- Venue: Whistler Creekside
- Date: February 17, 2010
- Competitors: 45 from 22 nations
- Winning time: 1:44.19

Medalists
- 1st place, gold medalist(s):  / Lindsey Vonn / United States
- 2nd place, silver medalist(s):  / Julia Mancuso / United States
- 3rd place, bronze medalist(s):  / Elisabeth Görgl / Austria

= Alpine skiing at the 2010 Winter Olympics – Women's downhill =

The women's downhill competition of the Vancouver 2010 Olympics was held at Whistler Creekside on Wednesday, February 17.
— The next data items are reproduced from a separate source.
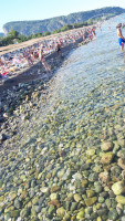 Пляж находится очень близко к отелю ( думали, что намного дальше),сразу же приобрели специальную обувь для пляжа и захода в море- и не пожалели, огромные камни доставляли неудобства, магазинчиков рядом очень много .Море очень теплое
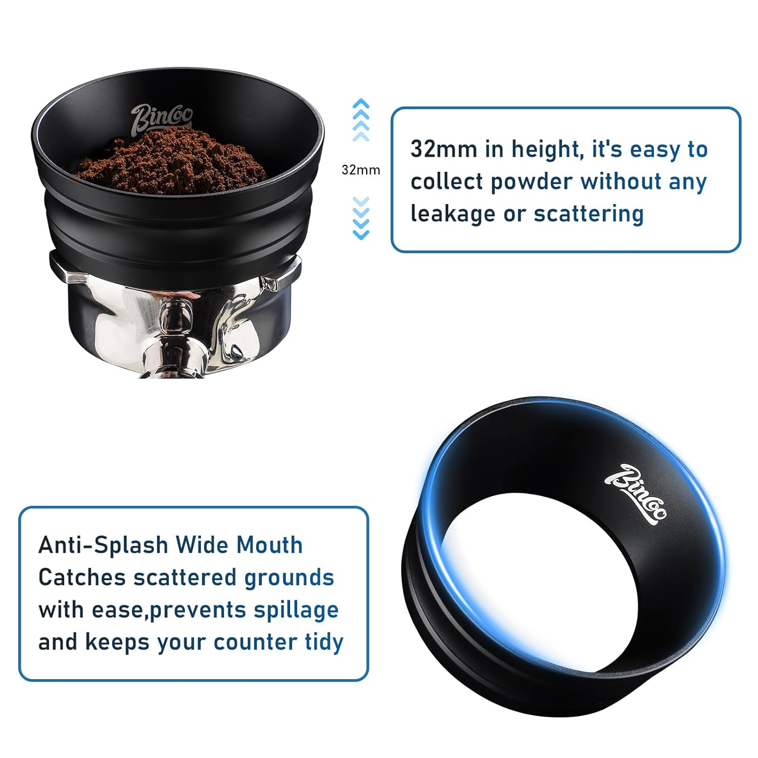 Bincoo Espresso Dosing Funnel 58mm,More Tall Magnetic Aluminum Alloy Portafilter Funnel Ring for Zero Mess Portafilter, Anti-Splash Wide Mouth Coffee Grounds Dosing Tool for Espresso Machine(Black)
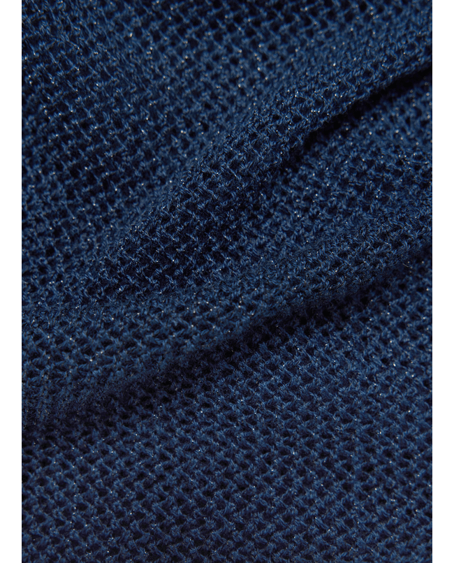 48% katoen, 48% acryl, 4% metaal – voelt zacht aan en ademt goed, met een lichte glans.
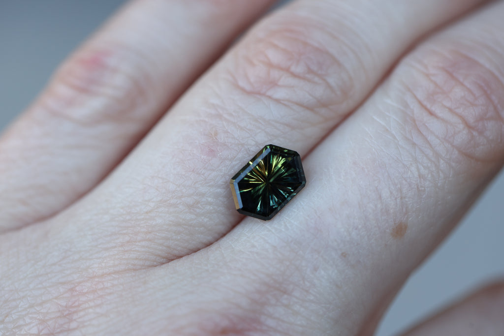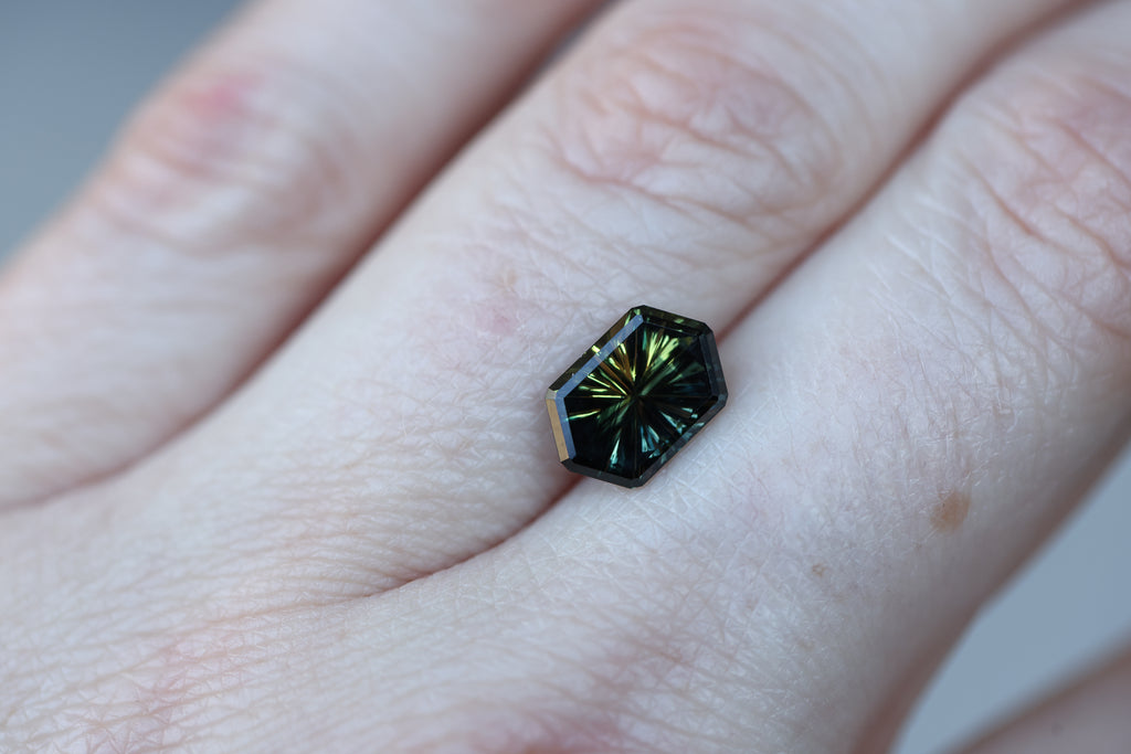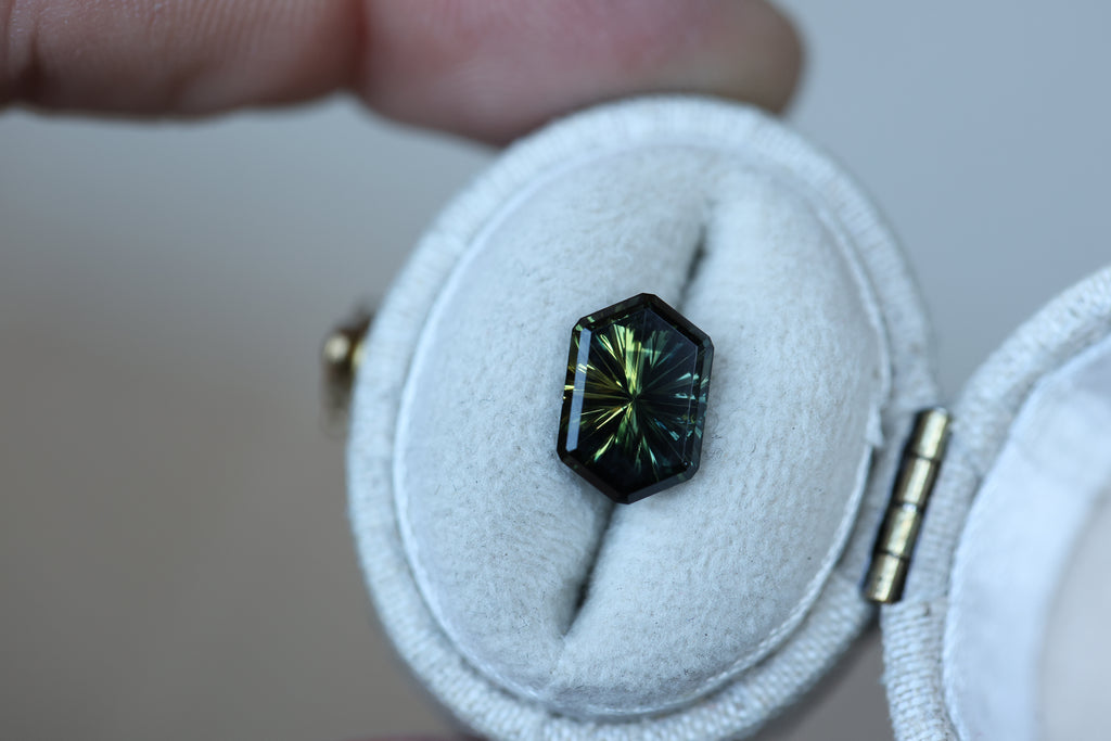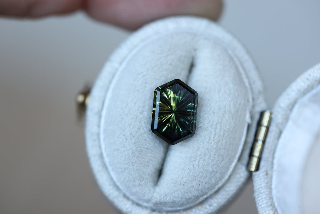 2.52ct elongated hexagon parti sapphire, Starbrite cut by John Dyer

The women's downhill course runs on the top part of Wildcard, then the bottom of Jimmy's Joker, then finishes out of the valley on Lower Franz's Run. Finally the course merges with the Dave Murray Downhill at the Grandstand finish.

The course was labeled as extremely difficult for skiers and most training runs were cancelled due to weather conditions. This resulted in several accidents during the competition. The worst accident involved Swedish skier Anja Pärson, who lost balance on the last jump before the finish, which resulted in a 60 m flight and subsequent fall, but without serious health consequences. Earlier in the same place Swiss skier Dominique Gisin fell; Pärson returned the very next day to win the bronze in the super combined.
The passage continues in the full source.